I need to find value of f( T ). where T<=1010
Recursive function is,
f(n) = 2*f(n-1) , if 4*f(n-1) <=k
k - ( 2*f(n-1) ) , if 4*f(n-1) > k
My efforts,
#include<iostream>
using namespace std;
int main(){
long k,f0,i;
cin>>k>>f0;
long operation ;
cin>>operation;
long answer=f0;
for(i=1;i<=operation;i++){
answer=(4*answer <= k )?(2*answer):(k-(2*answer));
}
cout<<answer;
return 0;
}
My code gives me right answer. But, The code will run 1010 time in worst case that gives me Time Limit Exceed. I need more efficient solution for this problem. Please help me. I don't know the correct algorithm.
If 2f(0) < k then you can compute this function in O(log n) time (using exponentiation by squaring modulo k).
r = f(0) * 2^n mod k
return 2 * r >= k ? k - r : r
You can prove this by induction. The induction hypothesis is that 0 <= f(n) < k/2, and that the above code fragment computes f(n).

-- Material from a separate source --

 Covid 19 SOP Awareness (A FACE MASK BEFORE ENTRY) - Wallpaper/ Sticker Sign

Here's a Python program which checks random test cases, comparing a naive implementation (f) with an optimized one (g).
def f(n, k, z):
r = z
for _ in xrange(n):
if 4*r <= k:
r = 2 * r
else:
r = k - 2 * r
return r
def g(n, k, z):
r = (z * pow(2, n, k)) % k
if 2 * r >= k:
r = k - r
return r
import random
errs = 0
while errs < 20:
k = random.randrange(100, 10000000)
n = random.randrange(100000)
z = random.randrange(k//2)
a1 = f(n, k, z)
a2 = g(n, k, z)
if a1 != a2:
print n, k, z, a1, a2
errs += 1
print '.',
Can you use methmetical solution before progamming and compulating?
Actually,
f(n) = f0*2^(n-1) , if f(n-1)*4 <= k
k - f0*2^(n-1) , if f(n-1)*4 > k
thus, your code will write like this:
condition = f0*pow(2, operation-2)
answer = condition*4 =< k? condition*2: k - condition*2
For a simple loop, your answer looks pretty tight; one could optimise a little bit using answer<<2 instead of 4*answer, and answer<<1 for 2*answer, but quite possibly your compiler is already doing that. If you're blowing the time with this, it might be necessary to reduce the loop itself somehow.

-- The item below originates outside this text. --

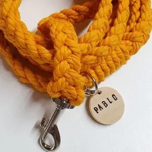 Pablo Mustard Yellow Macrame Cord Braided Dog Leash

I can't figure out a mathematical pattern that #Shannon was going for, but I'm thinking we could exploit the fact that this function will sooner or later cycle. If the cycle is short enough, then we could short the loop by just getting the answer at the same point in the cycle.
So let's get some cycle detection equipment in the form of Brent's algorithm, and see if we can cut the loop to reasonable levels.
def brent(f, x0):
# main phase: search successive powers of two
power = lam = 1
tortoise = x0
hare = f(x0) # f(x0) is the element/node next to x0.
while tortoise != hare:
if power == lam: # time to start a new power of two?
tortoise = hare
power *= 2
lam = 0
hare = f(hare)
lam += 1
# Find the position of the first repetition of length λ
mu = 0
tortoise = hare = x0
for i in range(lam):
# range(lam) produces a list with the values 0, 1, ... , lam-1
hare = f(hare)
# The distance between the hare and tortoise is now λ.
# Next, the hare and tortoise move at same speed until they agree
while tortoise != hare:
tortoise = f(tortoise)
hare = f(hare)
mu += 1
return lam, mu
f0 = 2
k = 198779
t = 10000000000
def f(x):
if 4 * x <= k:
return 2 * x
else:
return k - 2 * x
lam, mu = brent(f, f0)
t2 = t
if t >= mu + lam: # if T is past the cycle's first loop,
t2 = (t - mu) % lam + mu # find the equivalent place in the first loop
x = f0
for i in range(t2):
x = f(x)
print("Cycle start: %d; length: %d" % (mu, lam))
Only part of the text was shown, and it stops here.